New widget not displayed until slot function returns.



  • I have a situation where some code specified in a slot can potentially create a QWidget and show it.

    But it seems that the widget is not displayed until that function returns.
    (I call the show method, but that doesn't help)

    Is this a design decision?
    How can I work around this problem ?


  • Moderators

    Hi,

    [quote author="manasij7479" date="1422710589"]Is this a design decision?[/quote]Yes. The GUI won't update (so your widget won't show) until your function returns to the event loop.

    [quote author="manasij7479" date="1422710589"]How can I work around this problem ?[/quote]If you want a quick hack, add QApplication::processEvents() into the loop in your slot.

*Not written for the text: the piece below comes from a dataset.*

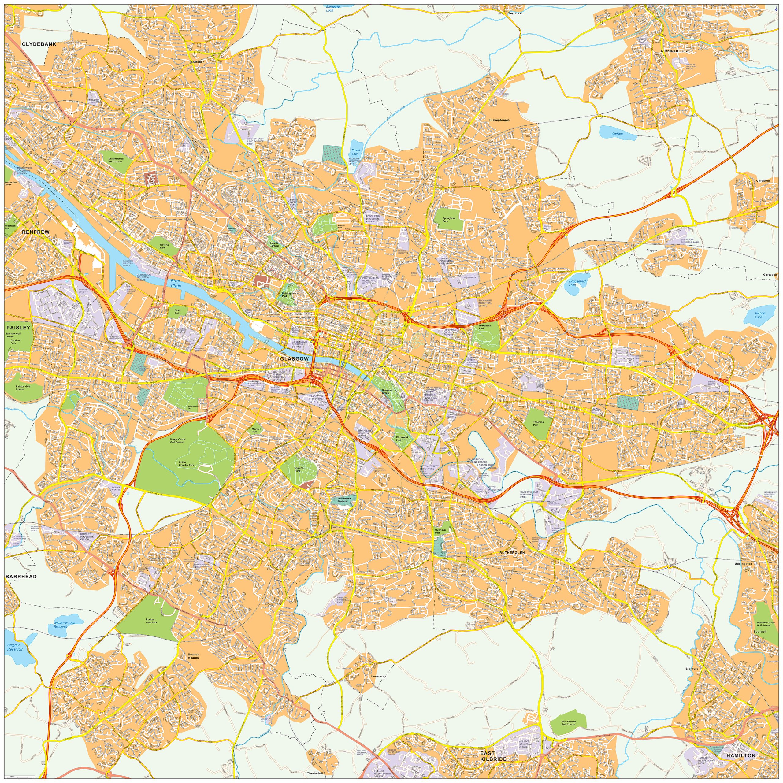 Straatnamenkaart van Glasgow. Geeft op een zeer duidelijke manier bijna alle straten weer.

    However, the more robust method is to run your long function in a separate thread, and emit signals to create + show a QWidget.

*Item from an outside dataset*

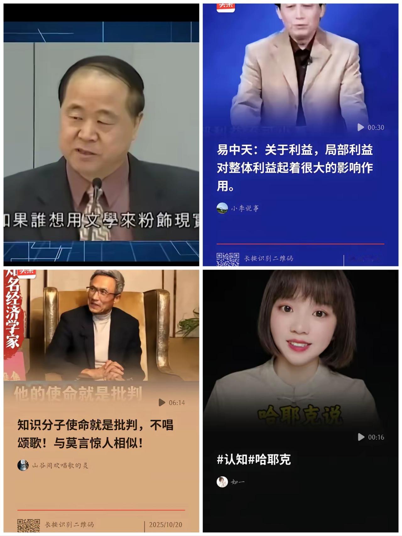 近来,不知是何人,又将一大批老公知的内容放了出来,像什么易大师、莫大师、许大师之流。这究竟在搞什么鬼? 各大平台突然涌现一批"复古网红"——多年前某些公知的演讲视频被重新剪辑后密集推送。 这些内容看似在打怀旧牌,实则暗藏玄机:发布者身份模糊,视频却呈现高度统一的叙事倾向,这种有组织的"记忆重构"令人警觉。 在当前国际舆论博弈白热化的节点,突然涌现的"历史碎片"恰似精心设计的认知迷雾,有人试图用怀旧包装来模糊是非界限,用二手观点测试舆论水温。 真正需要警惕的是,当特定历史片段被系统性地复活时,往往是在为当下议程铺设温床。 与其被动接受算法投喂的选择性叙事,我们更该建立自己的信息过滤系统。 你看这类"经典重温"背后,究竟藏着怎样的传播密码?欢迎分享你的独到见解。

  • The hack worked nicely, thanks.

    For a long term solution, I tried this for creating the window.
    I made a pointer to the mian window global and connected to its create slot defined as follows:
    @void MainWindow::create(spider::GraphValue* g, spider::Layoutspider::Graph* l)
    {
    spider::WindowValue* winv = static_castspider::WindowValue*(QObject::sender());
    winv->data = new spider::WindowUI(g,l);
    winv->data->show();
    }@

    But the widget does not show up and I still need to call that processEvents function.
    So it seems I will have to stick with QApplication::processEvents().
    Is there much performance penalty involved ?


  • Lifetime Qt Champion

    Hi,

    Can you post your original implementation ?

    On a side note, you should use qobject_cast and not static_cast when dealing with QObject derived class.

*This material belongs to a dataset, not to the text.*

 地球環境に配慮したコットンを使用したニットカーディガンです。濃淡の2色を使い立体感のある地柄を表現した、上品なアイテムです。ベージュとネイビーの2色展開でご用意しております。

  • This code is invoked indirectly from a slot:
    @
    // window creation goes here
    graph::BreadthFirstSearch<Graph> bfs(*getg(args[0])->data, s);
    bfs.setp4([&](const std::string& x,const std::string& y)
    {
    g->insertVertex(y);
    g->insertEdge(x, y, 1);
    gv->changeCallback();//this emits something that causes the window to change

     std::this_thread::sleep_for
            (std::chrono::milliseconds(1000));
     return true;
    

    });
    bfs();@

    Only after putting QApplication::processEvents() inside the lambda, the window is updated whenever signalled.


  • Lifetime Qt Champion

    Do you by any chance have a 1 second delay for the widget to show ?



  • Nope.
    It appeared after the whole process was finished and the slot this is called from returns.
    I tested this in the following way.
    The slot actually invokes an interpreter for a simple language.
    So I put an infinite loop in the text box after the call to the display funcion.
    And the window never appeared.


  • Moderators

    [quote author="manasij7479" date="1422739992"]This code is invoked indirectly from a slot:
    @
    // window creation goes here
    graph::BreadthFirstSearch<Graph> bfs(*getg(args[0])->data, s);
    bfs.setp4([&](const std::string& x,const std::string& y)
    {
    g->insertVertex(y);
    g->insertEdge(x, y, 1);
    gv->changeCallback();//this emits something that causes the window to change

     std::this_thread::sleep_for
            (std::chrono::milliseconds(1000));
     return true;
    

    });
    bfs();@
    [/quote]Does that code run in the GUI thread or the worker thread?



  • GUI thread.
    My MainWindow class has an object of my 'Runtime'.
    That runtime has a function eval.
    The main window has a slot run:
    @void MainWindow::run(const QString&)@

    which calls rt->eval(input);
    The above code is somewhere invoked from eval.

    The Runtime does not create other threads.

    The problem was that the extra window created in eval did not show up until the slot run finished executing.
    processEvents fixed that.

    If you have time, (and have Linux and KDE libs installed) you can build my code if interested.
    https://github.com/manasij7479/spider
    Switch to the branch 'qt'.
    Try out example inputs given here:
    https://github.com/manasij7479/spider/blob/master/IRManual.md


  • Moderators

    [quote author="manasij7479" date="1422785350"]GUI thread.[/quote]The GUI event loop can only process GUI events (including "show window" events) when the GUI thread is idle. If your function is running in the GUI thread, then GUI thread isn't idle so your window won't show.

    QApplication::processEvents() temporarily "pauses" your function and lets the GUI event loop handle GUI events, before letting your function continue.

    My first post said (emphasis added):[quote author="JKSH" date="1422725696"]the more robust method is to run your long function in a separate thread, and emit signals to create + show a QWidget.[/quote]By using a separate thread, your GUI thread can be idle even when your other function is running.

    Note: "I want to keep my GUI responsive while calling a long-running function" is one of the basic reasons why people use multithreading.